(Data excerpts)

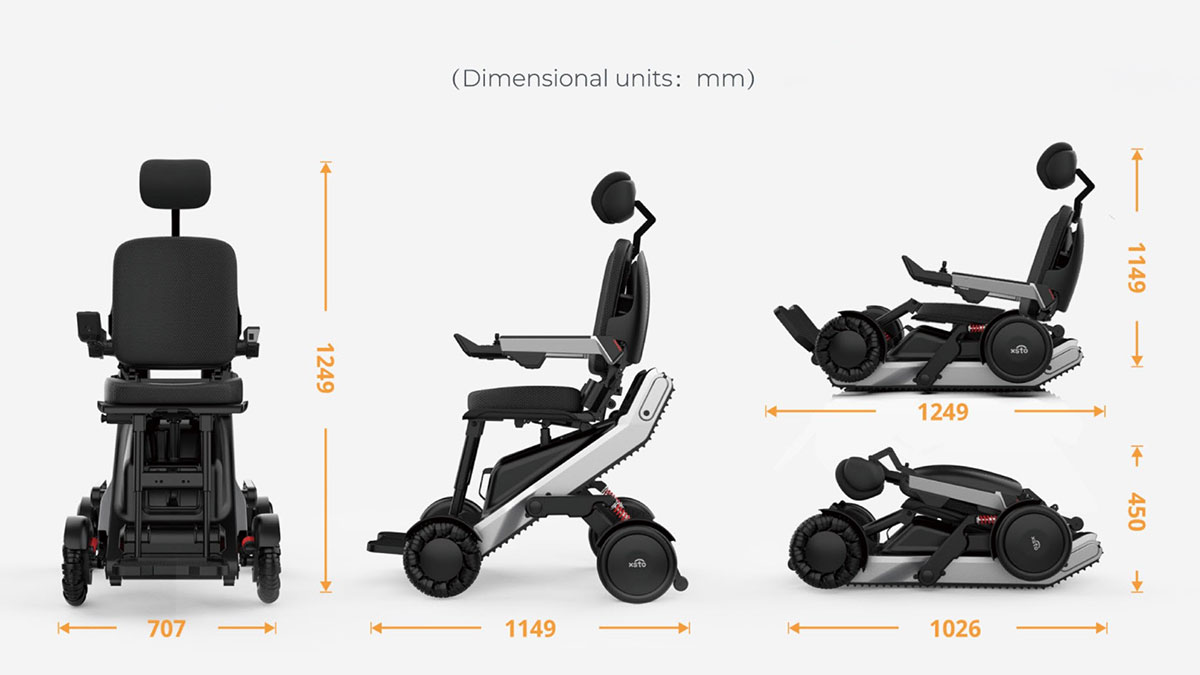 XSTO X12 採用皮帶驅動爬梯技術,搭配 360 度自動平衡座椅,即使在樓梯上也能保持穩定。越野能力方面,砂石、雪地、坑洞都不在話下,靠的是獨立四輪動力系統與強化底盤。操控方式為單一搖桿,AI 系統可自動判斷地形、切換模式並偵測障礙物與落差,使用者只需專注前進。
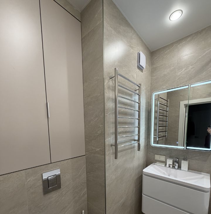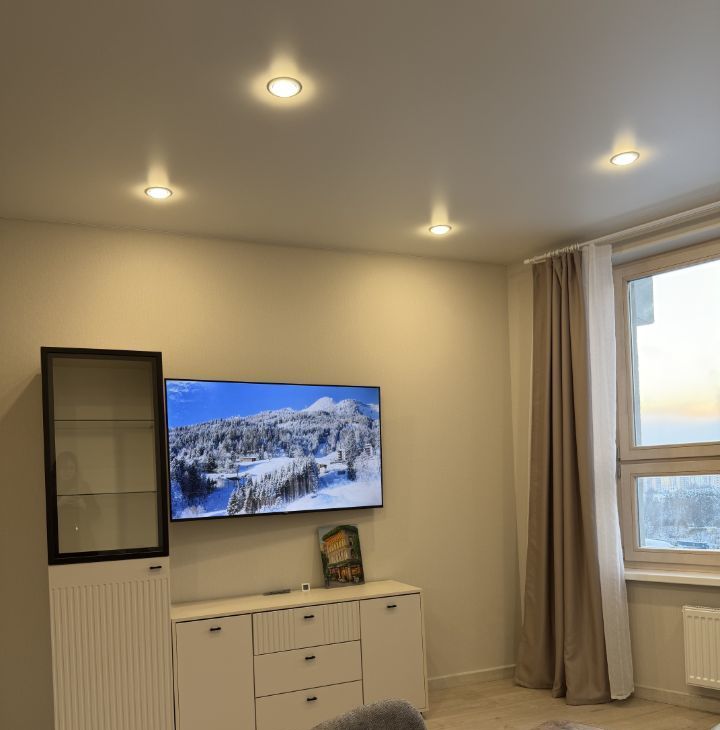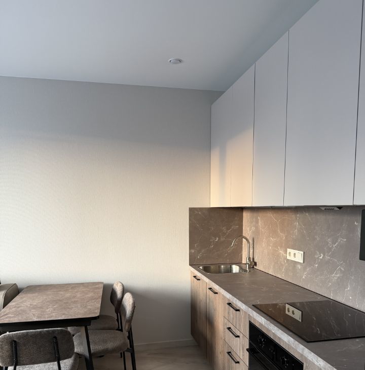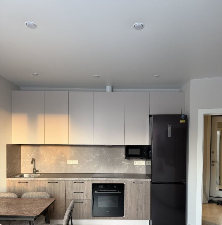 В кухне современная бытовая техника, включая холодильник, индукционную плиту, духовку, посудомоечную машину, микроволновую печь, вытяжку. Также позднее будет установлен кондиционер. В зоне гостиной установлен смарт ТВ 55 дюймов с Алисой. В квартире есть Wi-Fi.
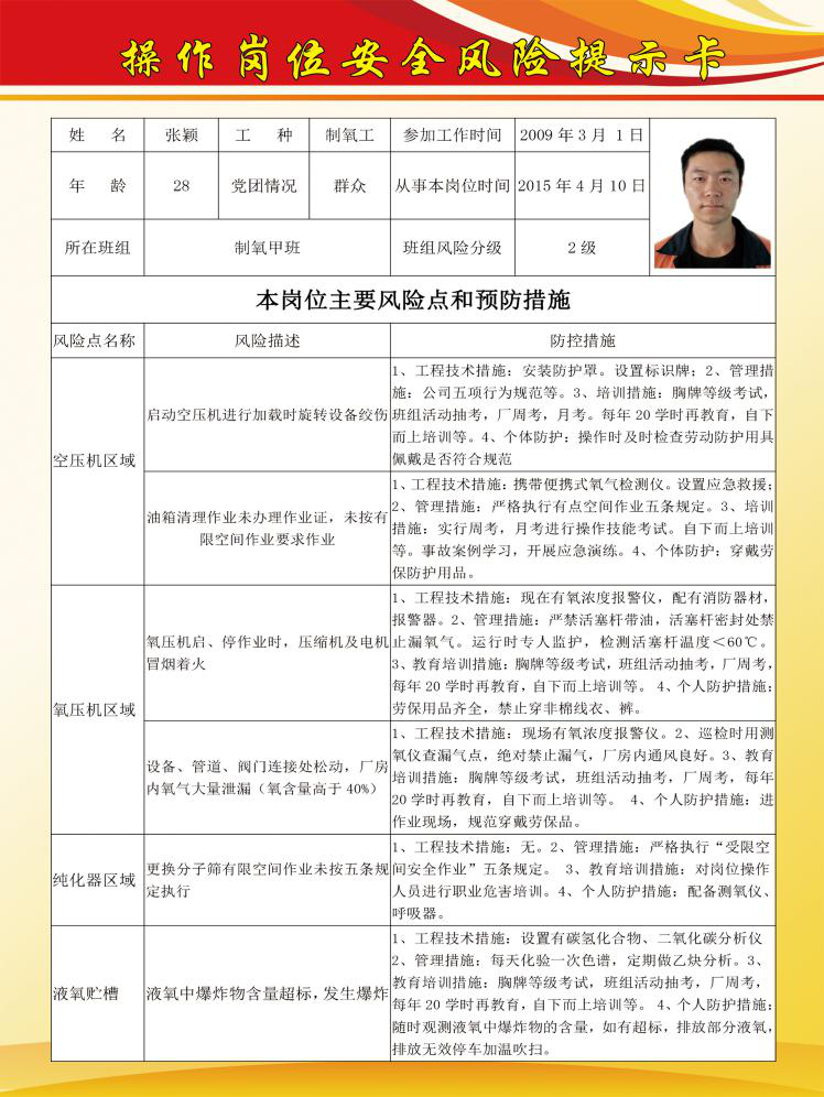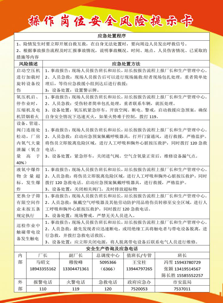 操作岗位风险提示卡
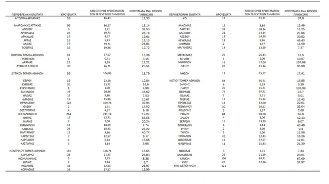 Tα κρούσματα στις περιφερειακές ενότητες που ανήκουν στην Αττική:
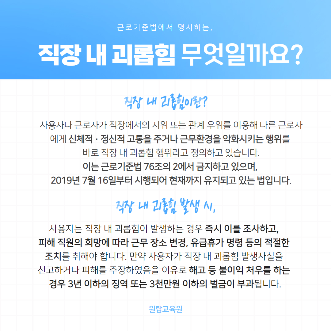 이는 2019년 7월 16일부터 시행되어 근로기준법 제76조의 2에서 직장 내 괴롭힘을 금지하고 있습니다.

- **Work task**
Can you retype every record above exactly, leaving out the pictures?

- **Answer box**
 XSTO X12 採用皮帶驅動爬梯技術,搭配 360 度自動平衡座椅,即使在樓梯上也能保持穩定。越野能力方面,砂石、雪地、坑洞都不在話下,靠的是獨立四輪動力系統與強化底盤。操控方式為單一搖桿,AI 系統可自動判斷地形、切換模式並偵測障礙物與落差,使用者只需專注前進。
 В кухне современная бытовая техника, включая холодильник, индукционную плиту, духовку, посудомоечную машину, микроволновую печь, вытяжку. Также позднее будет установлен кондиционер. В зоне гостиной установлен смарт ТВ 55 дюймов с Алисой. В квартире есть Wi-Fi.
 操作岗位风险提示卡
 Tα κρούσματα στις περιφερειακές ενότητες που ανήκουν στην Αττική:
 이는 2019년 7월 16일부터 시행되어 근로기준법 제76조의 2에서 직장 내 괴롭힘을 금지하고 있습니다.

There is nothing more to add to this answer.